A campaign ad describes Gov. Wolf as Pennsylvania's "small business governor." Has he lived up to the title?

Gov. Wolf in May. As he seeks a second term, Wolf is campaigning as "the small business governor."
Gov. Wolf in May. As he seeks a second term, Wolf is campaigning as "the small business governor."Read moreTIM TAI / Staff Photographer

Tom Wolf won the Democratic primary for governor four years ago with the help of campaign ads that depicted him as a benevolent employer who shared profits with workers.

So it's no surprise that Wolf, whose family owned a kitchen-cabinet company, is billing himself as "the small business governor," as one of his current campaign ads puts it.

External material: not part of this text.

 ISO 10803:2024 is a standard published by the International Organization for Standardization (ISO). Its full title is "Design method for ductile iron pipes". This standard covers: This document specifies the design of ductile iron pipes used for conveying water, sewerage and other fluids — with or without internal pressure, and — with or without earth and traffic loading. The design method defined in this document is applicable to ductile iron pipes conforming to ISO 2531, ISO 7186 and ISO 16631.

Wolf, running for a second term, is likely also trying to counteract one of his opponent's perceived strengths. Republican Scott Wagner, a former state senator who founded a waste-hauling company in York County, is selling himself as a self-made businessman who would "take out the trash" in Harrisburg.

The ad ran earlier this year in Western Pennsylvania and started airing in Philadelphia last week. The Wolf campaign has reserved airtime in Philadelphia through Sept. 17 at a total cost of about $450,000 over the two-week period, according to a media buyer. It comes amid Wolf's broader pivot to the middle: He has abandoned earlier calls for broad-based tax hikes, and reached a quick budget accord in June with the GOP-controlled legislature, avoiding a potentially damaging election-year fight over taxes and spending.

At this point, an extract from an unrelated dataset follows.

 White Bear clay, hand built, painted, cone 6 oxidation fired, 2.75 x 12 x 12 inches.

But has he lived up to the title in the ad?

Although the ad's two main claims are true, the 30-second spot belies the fact that the governor has often been at odds with the business community over his calls for higher taxes and more regulations.

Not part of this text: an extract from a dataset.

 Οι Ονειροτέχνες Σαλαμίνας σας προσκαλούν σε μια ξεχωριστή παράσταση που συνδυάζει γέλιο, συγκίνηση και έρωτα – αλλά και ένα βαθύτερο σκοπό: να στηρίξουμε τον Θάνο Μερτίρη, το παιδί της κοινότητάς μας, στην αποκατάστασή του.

The ad cites two chief accomplishments: creating a "one-stop shop" for small businesses and eliminating the capital stock tax, a levy on the value of a business' assets.

In February, the Wolf administration launched a website making it easier for new businesses to navigate the government bureaucracy. That won praise from business groups.

And in January 2016, the Capital Stock and Foreign Franchise Tax expired. The gradual phasing out of the tax, first implemented in 1844, began in the early 2000s.

"Where previous governors tried and failed to eliminate the capital stock tax, Tom Wolf got it done," the narrator says in the ad.

While it's true that Wolf was in office when the tax expired, its gradual phaseout had been set in law by the time he was sworn in. What the ad doesn't mention: The tax had been scheduled to expire in 2010, but reductions were paused as Pennsylvania and the rest of the country faced significant economic headwinds amid the Great Recession.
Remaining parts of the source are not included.